Jean was again gazing at the pontoon bridge below them. 'Look!' said he, 'it will all give way. We shall never get across.'
The fires were now burning higher on both banks, and their glow had become so bright that the frightful scene was clearly visible. The pontoons, supporting the timbers, had ended by sinking beneath the weight of all the artillery and cavalry that had passed over them since the morning, and the brow or platform of the bridge was a few inches under water. Two by two, in endless files went the Cuirassiers, who were now crossing the stream, slowly emerging from the darkness on one bank, and passing at last into that on the other. As the bridge could no longer be seen, it seemed as though they were marching on the water, on the brightly illumined river, in which a lurid conflagration was dancing. The neighing horses, with their manes raised and their legs stiffened by fright, advanced but slowly over the swaying bridge, which seemed to be gliding away beneath them. Erect in their stirrups, and with tightened reins, still did the Cuirassiers pass and pass, all uniformly draped in long white cloaks, and their helmets blazing with fiery reflections. They looked like phantom horsemen, with flaming hair, marching away to some tenebrous warfare.

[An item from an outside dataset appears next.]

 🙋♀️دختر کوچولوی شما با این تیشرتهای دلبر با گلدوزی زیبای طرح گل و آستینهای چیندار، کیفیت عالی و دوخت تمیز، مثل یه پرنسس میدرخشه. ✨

A deep plaint escaped from Jean's contracted throat: 'Oh! how hungry I am!'
The men around him, despite the complaining groans of their empty stomachs, had now fallen asleep. Their weariness was so intense that it had finally mastered their fears, and had stretched them on their backs with open mouths, overwhelmed beneath the dark sky which no moon illumined. From one to the other end of those bare hills, waiting and expectancy had now given place to a death-like silence.
'Oh! how hungry I am, so hungry I could eat the very earth.' Such was the cry which Jean, so inured to hardship and usually so silent, was no longer able to restrain; a cry which he raised despite himself, in the delirium caused by privation; for six-and-thirty hours had now elapsed since he had partaken of any food. Then Maurice, who realised that their regiment would not cross the Meuse at least for another two or three hours, made up his mind to speak: 'Listen,' said he, 'I have an uncle living near here; uncle Fouchard, whom I told you about. His place is over there, some five or six hundred yards away. I hesitated about going, but since you are so hungry we had better try him. He will give us some bread at all events.' Thereupon he led his unresisting comrade away.

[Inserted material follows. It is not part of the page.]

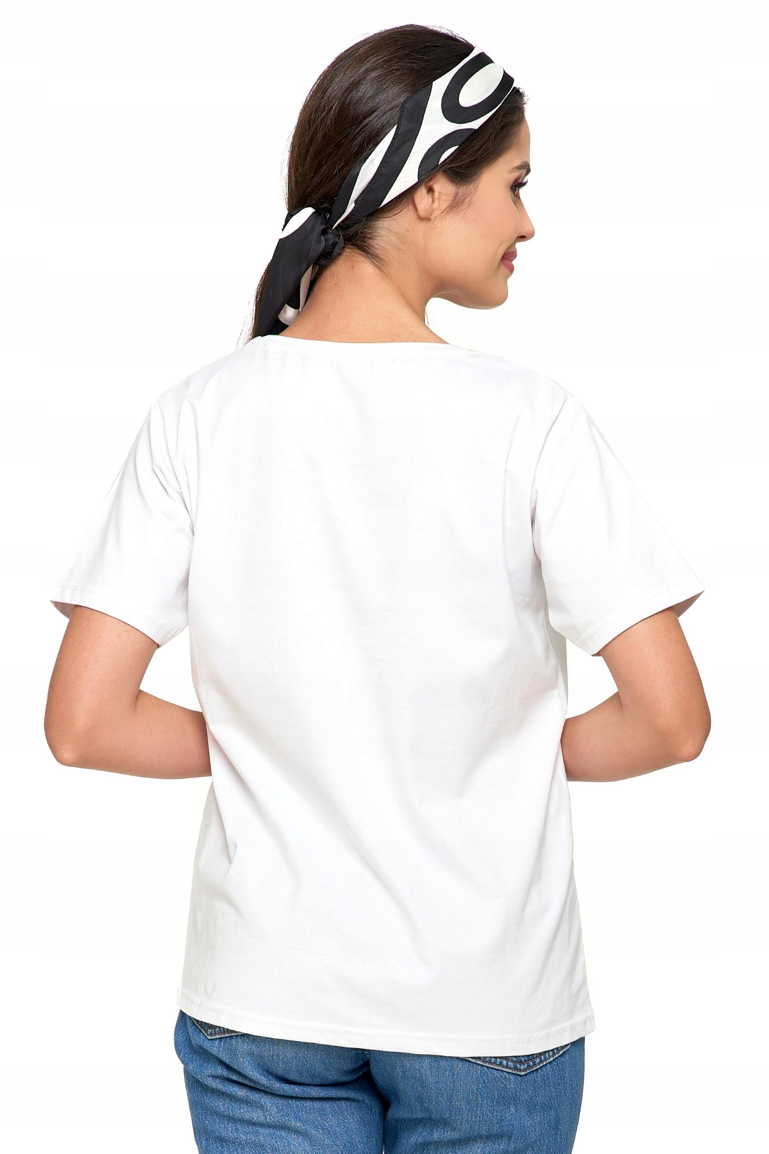 T-shirt ma regularny krój, który idealnie dopasowuje się do kobiecej sylwetki, podkreślając jej atuty.

Old Fouchard's little farm was situated on the outskirts of the defile of Haraucourt, near the plateau where the reserve artillery was encamped. There was a low house, with outbuildings of considerable extent, a barn, a cowshed, and a stable: and, in a kind of coach-house on the other side of the road, the old peasant had installed his butcher's business. It was there that he slaughtered the animals which he subsequently hawked through the surrounding villages in his cart. As the two men drew near to the place Maurice was surprised not to see any light in the house. 'The old miser!' he muttered; 'he must have barricaded himself indoors—he won't open.'
On reaching the road, the young fellow stopped short at sight of a dozen marauding soldiers—hungry rascals, no doubt, on the prowl for something to fill their maws with—who were moving hither and thither in front of the farmhouse. They had begun by calling; then they had knocked; and now, as the house remained quite black and silent, they were battering the door with the butt-ends of their guns with the object of breaking the lock open. Gruff voices could be heard roaring: 'Thunder! Hit harder! Break the cursed door down, since there's no one inside.'
Suddenly, however, the shutter of a garret window was flung back, and a tall old man, wearing a blouse and with his head bare, appeared carrying a tallow candle in one hand and a gun in the other. He had coarse white hair and a square, broadly wrinkled face, with a prominent nose, large light-coloured eyes and a chin expressive of obstinate self-will.
'Are you fellows thieves, that you are smashing everything like that?' he shouted in a harsh voice. 'What on earth do you want?'
The soldiers drew back, somewhat abashed: 'We are dying of hunger. We want something to eat,' they answered.